Eastgate published Patchwork Girl on 3.5-inch diskette for Windows and Macintosh in October, 1995, presenting the disk and auxiliary material in a card stock "folio" with design by Eric Cohen.  At some point demand for Patchwork Girl exceeded the print run of the folio, so Eastgate shipped new copies in a shrink-wrapped package out of expediency.  A second edition was issued in November, 2001 on CD-ROM, also for Windows and Macintosh, with new packaging.  As operating systems outgrew its original software framework, Patchwork Girl became unreadable on many contemporary platforms, especially those running 64-bit systems.  In the final quarter of 2014, Eastgate remedied this problem for the Macintosh, issuing an updated version on a removable solid-state drive connectable via Universal Serial Bus ("USB stick" or "thumb drive").  The USB edition contains a version of the hypertext compatible with Macintosh OS 10.7 and later, as well as all all previous versions of the work for Macintosh.

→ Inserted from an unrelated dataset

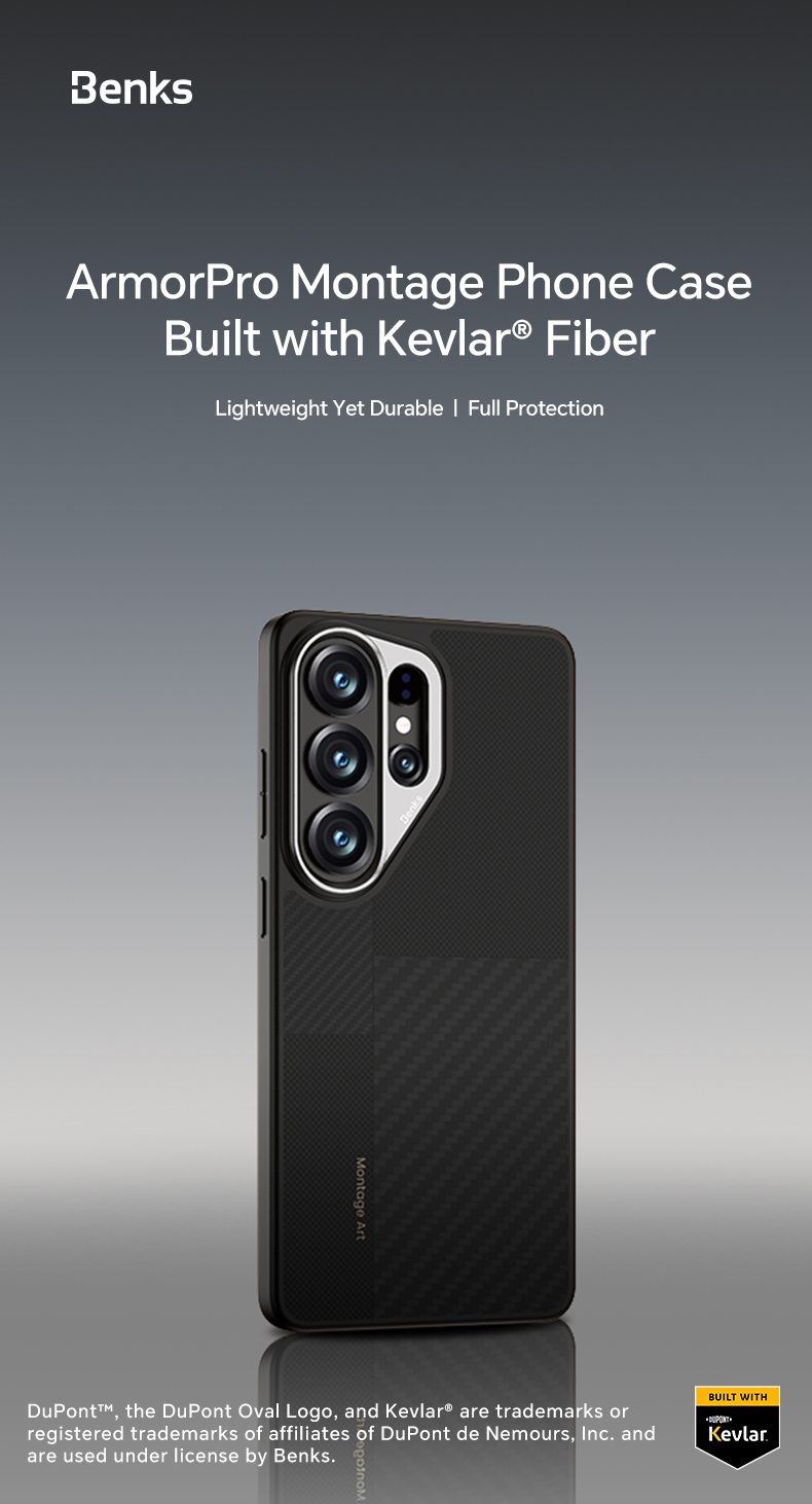 Made with 600D and 1500D DuPont™ Kevlar® fiber, Benks Montage ArmorAir Case offers refined durability and minimalistic style for your Samsung Galaxy S26 Ultra

Critical reception of Patchwork Girl has been extensive and distinguished.  Jackson's work is one of the most studied works of hypertext fiction and arguably the best appreciated.  Michael Joyce discussed Jackson's work in "Nonce Upon Some Times," a crucial early attempt to position hypertext fiction vis-a-vis the literary mainstream, appearing in Modern Fiction Studies in 1997.  In 1998, two of the most influential literary papers in the academic hypertext literature, Bernstein's "Patterns of Hypertext" and Marjorie Luesebrink's "The Moment in Hypertext," drew crucially on Jackson's text.  In 1999, Robert Coover presented Patchwork Girl as the final and paradigmatic example in the early evolution of hypertext fiction, declaring it the last product of a "Golden Age."  N. Katherine Hayles took up Patchwork Girl in 2000 in "Flickering Connectivities," an article that would become a key chapter in her study How We Became Posthuman.  In 2010, Alice Bell included Patchwork Girl in a comprehensive reconsideration of hypertext fiction.  Important articles about the work have also appeared in SubStance, Contemporary Literature, and other leading literary journals.